Efficiently constructing a certain subgroup in GAP

Question

Let $G$ be a finite group and let $N$ be a normal subgroup of $G$. Let's call $N$ $\mathcal{U}$-central in $G$ if it is true that all $G$-chief factors below $N$ are cyclic. Now put $$Z_{\mathcal{U}}(G) := \langle N:\, \text{$N$ is $\mathcal{U}$-central in $G$}\, \rangle.$$ The goal is to construct the subgroup $Z_{\mathcal{U}}(G)$ in GAP and I have done this as follows:

ucentral:=function(g,n)
local list, h, k, quo, subquo, hom;
  list:=Filtered(NormalSubgroups(g),x->IsSubgroup(n,x));
    for k in list do
    hom:=NaturalHomomorphismByNormalSubgroup(g,k);
    quo:=Image(hom,g);
      for h in Filtered(list,x->IsSubgroup(x,k)) do
      subquo:=Image(hom,h);
        if subquo in MinimalNormalSubgroups(quo) then
          if not IsCyclic(subquo) then
            return false;
          fi;
        fi;
    od;
  od;
return true;
end;;


sshypercenter:=function(g)
local prod, norm, n;
  if IsSupersolvableGroup(g) then
    return g;
  fi;
prod:=TrivialSubgroup(g);
norm:=NormalSubgroups(g);
    for n in norm do
      if ucentral(g,n) then
        prod:=ClosureGroup(prod,n);
      fi;
    od;
return prod;
end;;

I suppose there isn't much that can be done to improve the sshypercenter routine. The question I have is whether it is possible to do better with the ucentral routine either in terms of efficiency or presentation (or both).

Answer 1

I would use the Jordan-Hölder theorem to deal with the chief factors: Calculate one chief series, then , to test whether $N$ is u-central, check whether all chief factors in the given series covered by $N$ (these will give the $G$-chief factors of $N$) are cyclic.
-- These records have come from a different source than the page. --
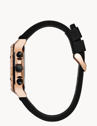 From the Marine Star Collection. High-performance chronograph in stainless steel with black and rose-gold ion-plated finish, black patterned dial, luminous hands, calendar, second hand, mineral crystal, screw-back, and black rubber strap.
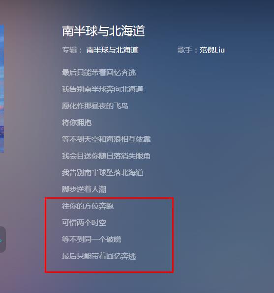 《南半球与北海道》这首歌目前是抖音上音乐排行第一名的歌,超过了张同学的BGM《Aloha Heja He 》有超过265.34万人在使用这首歌,听过这首歌的网友都有种感觉就是很温暖,还有网友说:“我好像在梦里听过这个旋律 然后我忘了之后脑子里一直闪闪闪”,十分洗脑。这首歌的歌词意境,以及歌名字的感觉都有点像欧得洋的《孤单北半球》。从歌词的意思来看,很明显《南半球与北海道》这首歌是表达意境“爱而不得”的情感,爱你却追不到你,所有的一切只能:“带着回忆奔逃”。
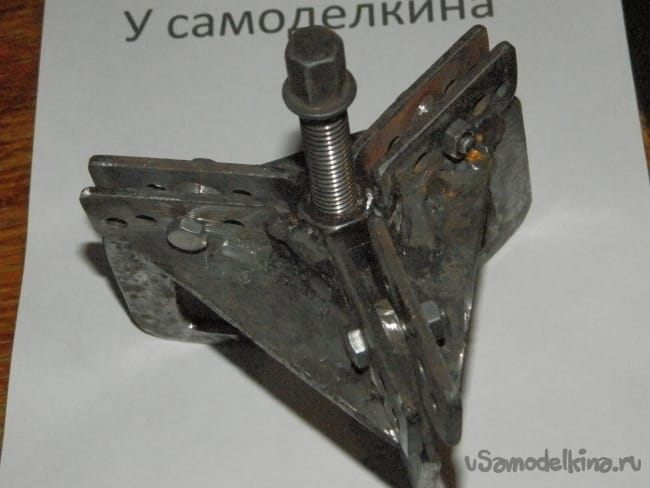 Шаг 5 наворачиваем гайки на 12мм на болт и свариваем их вместе, привариваем к треугольной пластине и выкручиваем болт. Затем стягиваем попарно пластины гайками на 6 мм положив между ними прокладку и привариваем их так чтобы прорезь была между пластин. Теперь зачищаем их при помощи болгарки. Прогоняем резьбу метчиком.
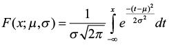 Given these values the normal distribution is defined by its cumulative density function, or cdf, which is the function in x that gives the probability that a random number will be less than x.

To find $Z_U$, you should be able to build it upwards according to the chief series: For this it is sufficient to find the minimal normal subgroups of $G$ in $Z_U$ (since after that you go to the factor group of what you found so far and repeat), which are simply the minimal cyclic normal subgroups.

To find the minimal cyclic normal subgroups, ascend along the one chosen chief series. For each cyclic chief factor $C_i/C_{i+1}$ find the normal complements to $C_{i+1}$ in $C_i$, and check which ones are normal in $G$.

This will abvoid the need to find and test all normal subgroups.